Since \(G^*/k_\text{B}T\equiv g^*/\Delta \mu\), we can write

$$\begin{aligned} g^*=\gamma _{s,\text{total}}^2/(4Sk_\text{B}T). \end{aligned}$$
(13)

When the shape is a square with side length \(\lambda a\), we have \(\hat{S}=(\lambda a)^2/a^2\) and \(\hat{\gamma }_{s,\text{total}}=4 (\lambda a)(\varepsilon /a)\), which leads to \(S=1\) and \(\gamma _{s,\text{total}}=4\varepsilon\). Then, we have

$$\begin{aligned} G= -\lambda ^2 \Delta \mu + 4 \lambda \varepsilon , \quad \lambda _c=2 \varepsilon /\Delta \mu , \quad G^*=4\varepsilon ^2/\Delta \mu , \quad g^*=4\varepsilon ^2/(k_\text{B}T). \end{aligned}$$
(14)

Estimation of \(v_s\)

To obtain the explicit form for \(v_s\), this work used parameters that provided the best least squares fit to the Monte Carlo results in Fig. 4 (c) for a negative step velocity \(v_s^\text{neg}\) at \(p=1.061\).
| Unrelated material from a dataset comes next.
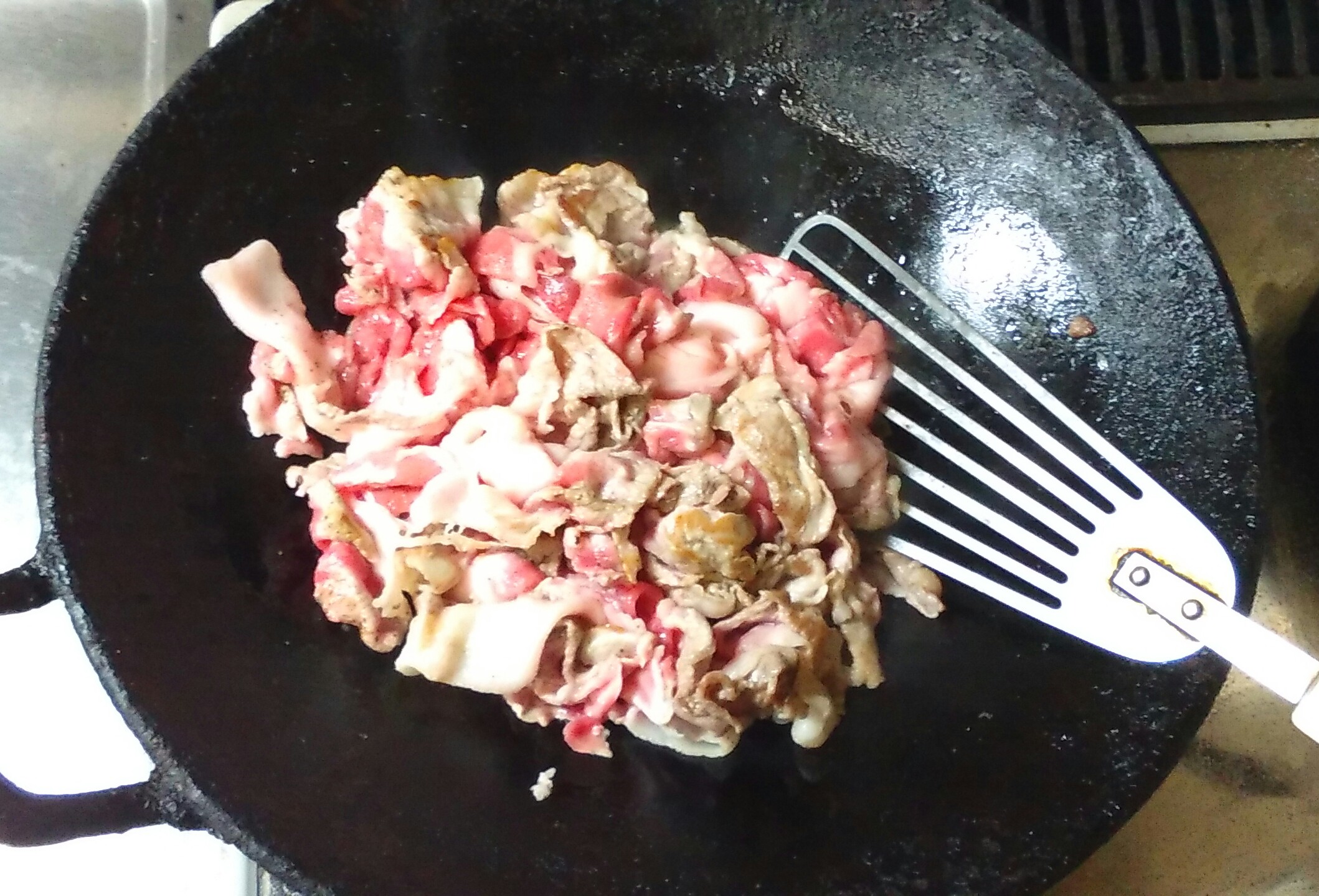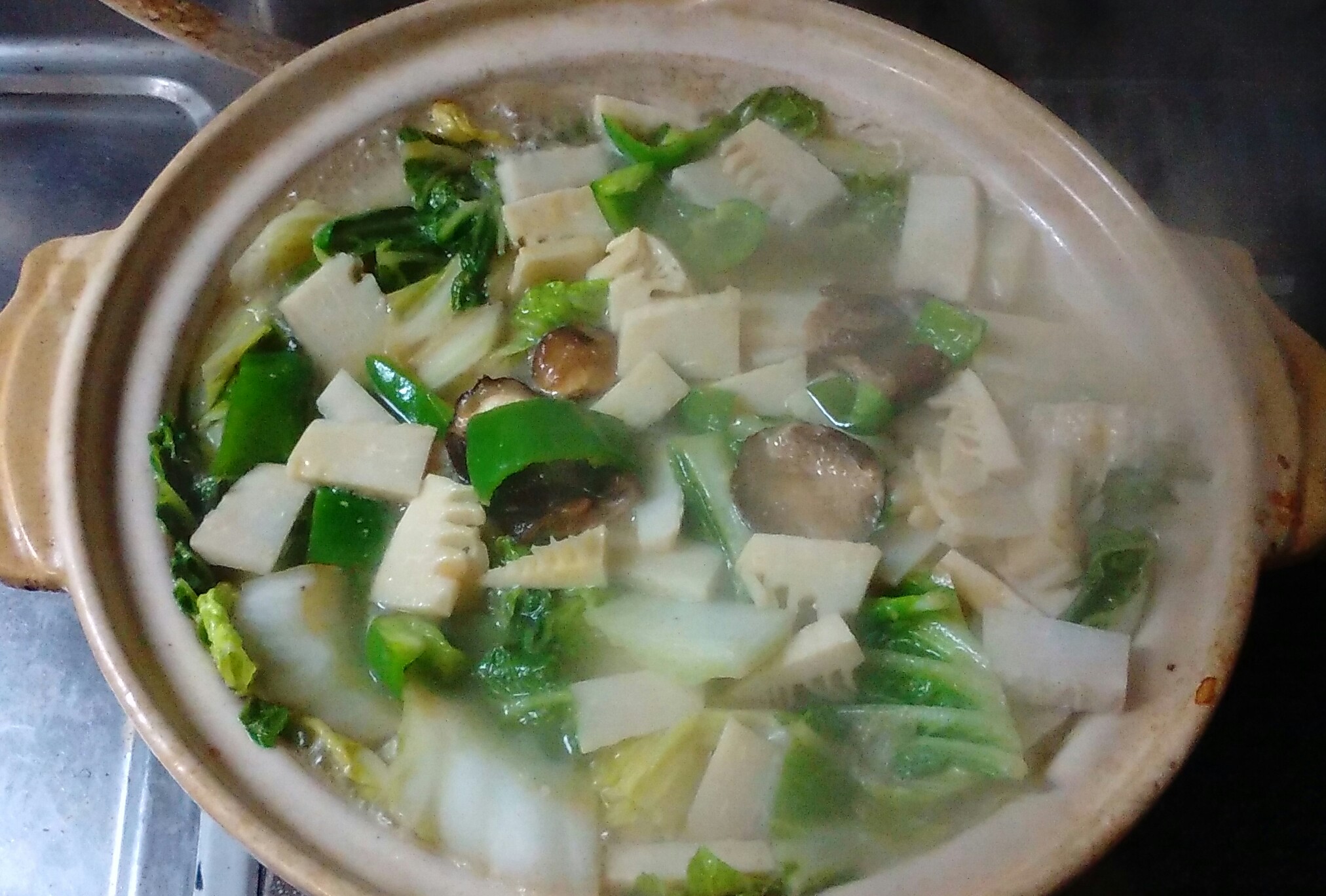 ③同じ鍋で、白菜、ピーマン、タケノコ、しいたけを順に炒める。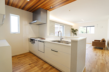 キッチンは食器洗い乾燥機やカップボード設置で毎日の家事が楽になります。SNSで人気のグースネックの水栓が嬉しいですね。

Here, a negative step is defined as a step with a (111) terrace and (001) side surface, such that

$$\begin{aligned} v_s^\text{neg}& = {} (a_1 x + a_2 x^2+ a_3 x^3 + a_4 x^4 + a_5 x^5 + a_6 x^6)/(\sqrt{2}-p),\nonumber \\{} & {} x=\Delta \mu /\varepsilon , \ p =3/(2\sqrt{2}) \approx 1.061, \nonumber \\{} & {} a_1= 0.15676,\ a_2 = -0.19464, \ a_3= 0.13698, \ a_4 = -0.055575, \ a_5= 0.012133,\ a_6 = -0.0011059. \end{aligned}$$
(15)

The \(v_s\) value at \(p=0.09\) was confirmed to equal \(v_s^\text{neg}\) at \(p=1.061\) within a difference of 5%. The results obtained with \(p=1.061\) were employed to determine \(v_s\) because there was a lack of nucleation on the (111) terraces for negative steps due to the RSOS restriction.